Reflect Critically on America's Way of Fighting War


[1] Isn't this moment of our national humiliation and new awareness of vulnerability an occasion to reflect critically on America's way of fighting war ever since Dresden and Tokyo, Hiroshima and Nagasaki, Agent Orange and 'bombing villages to save them?' Is it unthinkable to wonder in what sense we may have gotten a taste of our own medicine on September 11? I am thinking, of course, of the in bello criteria, specifically the prohibitions of covert warfare or tactics directed against civilian non-combatants. I grant that our military tries to minimize collateral damage to civilians. But this well-intentioned effort falls short of the criterion. In other words, I am calling into question more fundamentally the notion of waging 'total' war, i.e. against the enemy construed as a whole system. It is this thinking which makes things like TV towers, economic institutions and communication centers, etc. legitimate targets.
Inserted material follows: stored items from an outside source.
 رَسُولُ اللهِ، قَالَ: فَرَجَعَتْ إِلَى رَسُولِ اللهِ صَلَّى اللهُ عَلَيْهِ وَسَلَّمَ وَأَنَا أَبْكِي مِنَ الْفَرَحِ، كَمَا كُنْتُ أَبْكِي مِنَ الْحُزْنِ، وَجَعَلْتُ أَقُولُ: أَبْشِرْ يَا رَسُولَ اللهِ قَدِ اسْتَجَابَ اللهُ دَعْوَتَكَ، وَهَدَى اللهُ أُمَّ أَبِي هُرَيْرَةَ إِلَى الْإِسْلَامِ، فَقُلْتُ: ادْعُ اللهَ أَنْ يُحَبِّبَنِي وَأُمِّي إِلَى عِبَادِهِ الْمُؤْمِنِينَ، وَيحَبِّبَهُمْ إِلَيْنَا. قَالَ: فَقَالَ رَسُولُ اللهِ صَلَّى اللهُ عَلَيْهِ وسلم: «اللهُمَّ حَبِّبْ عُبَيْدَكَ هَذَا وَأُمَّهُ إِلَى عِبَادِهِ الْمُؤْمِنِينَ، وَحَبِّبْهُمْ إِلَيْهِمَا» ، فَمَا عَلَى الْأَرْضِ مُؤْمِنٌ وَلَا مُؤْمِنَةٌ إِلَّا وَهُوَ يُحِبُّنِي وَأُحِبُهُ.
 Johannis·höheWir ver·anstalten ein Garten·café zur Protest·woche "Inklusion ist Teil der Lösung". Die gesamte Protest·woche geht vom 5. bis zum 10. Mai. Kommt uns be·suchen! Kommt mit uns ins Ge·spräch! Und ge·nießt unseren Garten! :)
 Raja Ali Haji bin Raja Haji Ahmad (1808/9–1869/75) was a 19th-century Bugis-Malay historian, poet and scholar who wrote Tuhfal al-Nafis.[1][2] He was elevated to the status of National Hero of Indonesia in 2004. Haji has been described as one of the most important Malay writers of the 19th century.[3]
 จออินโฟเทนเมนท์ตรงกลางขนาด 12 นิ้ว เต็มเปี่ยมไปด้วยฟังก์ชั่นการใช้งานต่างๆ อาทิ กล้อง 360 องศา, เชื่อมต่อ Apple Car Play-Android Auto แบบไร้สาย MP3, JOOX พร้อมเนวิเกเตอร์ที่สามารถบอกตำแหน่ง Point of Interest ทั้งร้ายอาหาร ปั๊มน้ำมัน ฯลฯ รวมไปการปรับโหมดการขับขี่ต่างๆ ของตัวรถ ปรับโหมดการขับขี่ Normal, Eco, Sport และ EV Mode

In this light, I wonder how different is it that the terrorists targeted the World Trade Center as both symbol and substance of the perceived enemy system? There are other aspects of the terrorist attack which were beyond the pale. But on this particular point, I do mean the question seriously. I am struggling to understand why Americans can regard, for example, the NATO air campaign against Yugoslavia as a brilliant victory on the moral high ground, and the same kind of targeting, with the same purpose of demoralizing and  terrorizing the civilian base as occurred on to us on September 11, as evil.